━━━ PROVIDED DATA

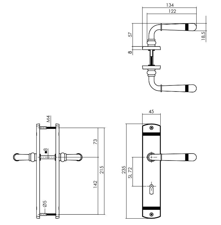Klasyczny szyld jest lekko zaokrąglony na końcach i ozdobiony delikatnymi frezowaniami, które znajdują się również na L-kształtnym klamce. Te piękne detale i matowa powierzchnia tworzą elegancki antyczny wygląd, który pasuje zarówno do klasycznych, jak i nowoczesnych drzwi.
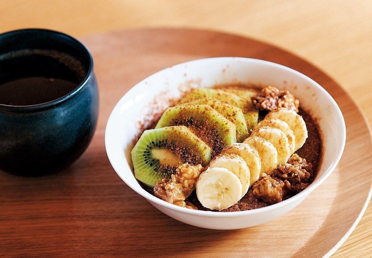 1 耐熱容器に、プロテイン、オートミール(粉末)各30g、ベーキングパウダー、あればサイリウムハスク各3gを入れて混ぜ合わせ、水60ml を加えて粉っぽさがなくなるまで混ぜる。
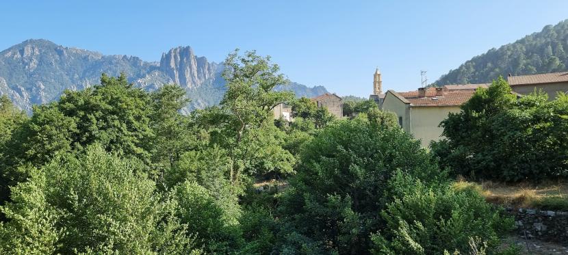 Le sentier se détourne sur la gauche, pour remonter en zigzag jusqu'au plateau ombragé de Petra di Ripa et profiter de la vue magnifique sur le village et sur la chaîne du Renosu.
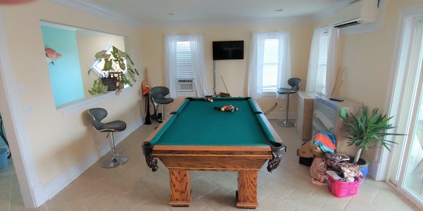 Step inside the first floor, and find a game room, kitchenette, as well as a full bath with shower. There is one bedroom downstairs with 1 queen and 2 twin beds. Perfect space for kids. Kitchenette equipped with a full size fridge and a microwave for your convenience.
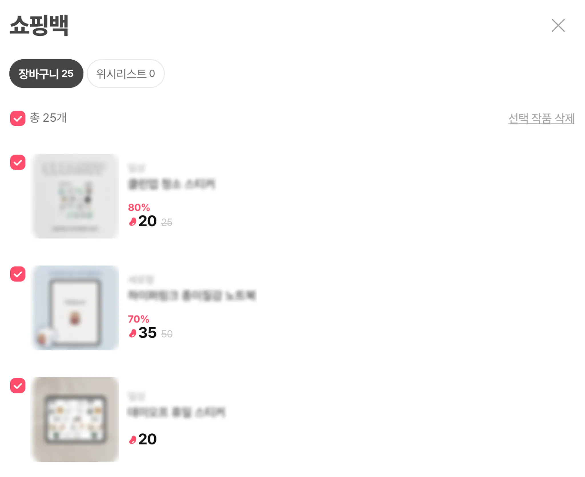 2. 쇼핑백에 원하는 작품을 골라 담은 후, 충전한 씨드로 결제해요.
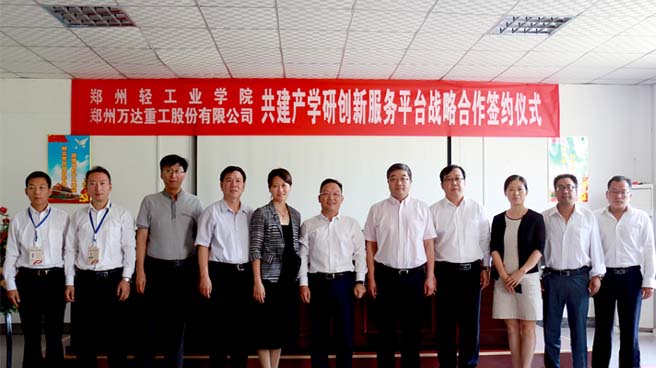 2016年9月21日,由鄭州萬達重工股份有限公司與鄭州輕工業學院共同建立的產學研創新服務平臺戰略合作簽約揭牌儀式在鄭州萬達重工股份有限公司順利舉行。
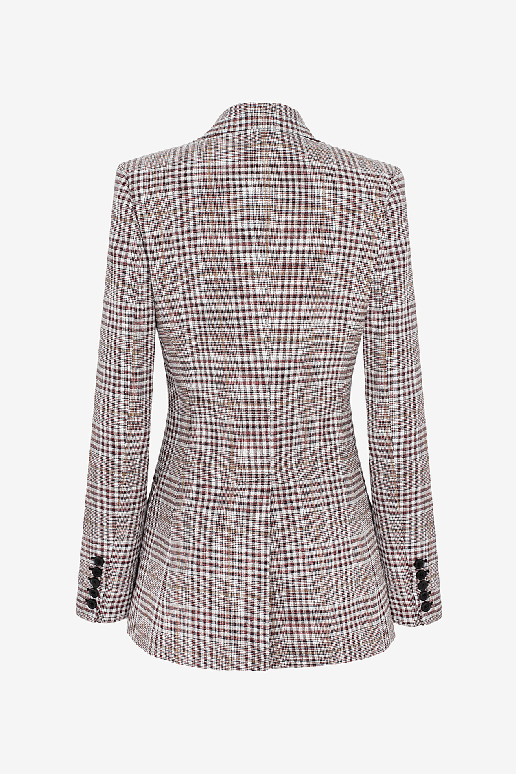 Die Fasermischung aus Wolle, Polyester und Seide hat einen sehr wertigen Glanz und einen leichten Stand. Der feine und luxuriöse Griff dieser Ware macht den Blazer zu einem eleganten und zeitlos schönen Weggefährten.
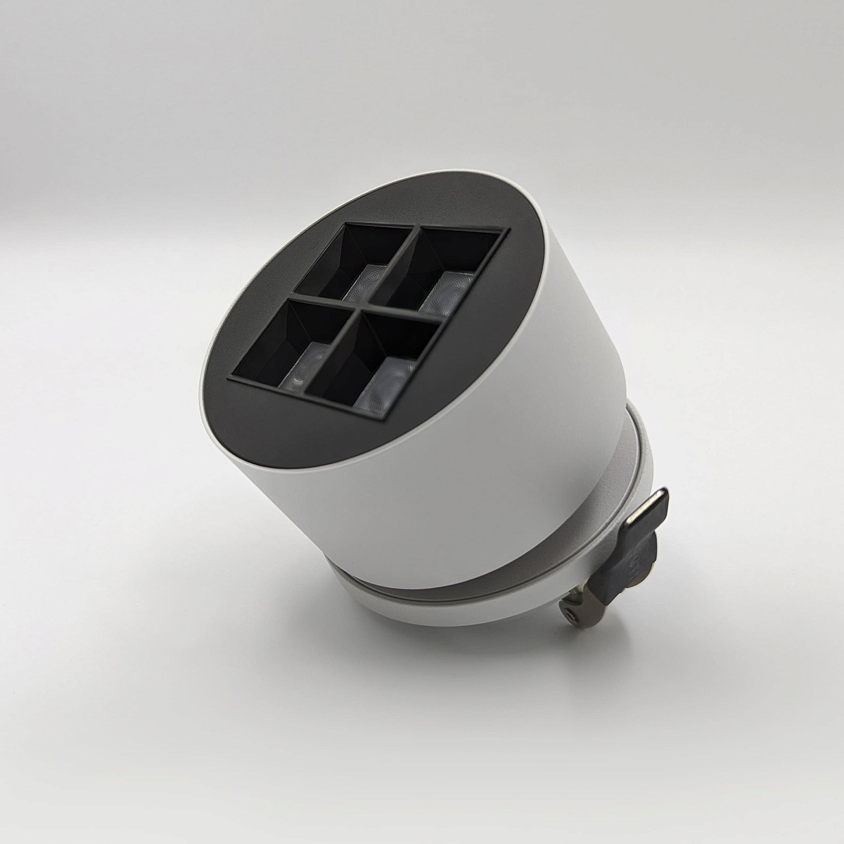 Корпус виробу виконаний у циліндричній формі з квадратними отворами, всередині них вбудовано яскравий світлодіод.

━━━━━━

• _WORK ITEM_
Reproduce the lines from the line with "2016年9月21日,由鄭州" through the last line of the entries exactly, including both ends and excluding pictures.

• _ANSWER TO THIS PROBLEM_
 2016年9月21日,由鄭州萬達重工股份有限公司與鄭州輕工業學院共同建立的產學研創新服務平臺戰略合作簽約揭牌儀式在鄭州萬達重工股份有限公司順利舉行。
 Die Fasermischung aus Wolle, Polyester und Seide hat einen sehr wertigen Glanz und einen leichten Stand. Der feine und luxuriöse Griff dieser Ware macht den Blazer zu einem eleganten und zeitlos schönen Weggefährten.
 Корпус виробу виконаний у циліндричній формі з квадратними отворами, всередині них вбудовано яскравий світлодіод.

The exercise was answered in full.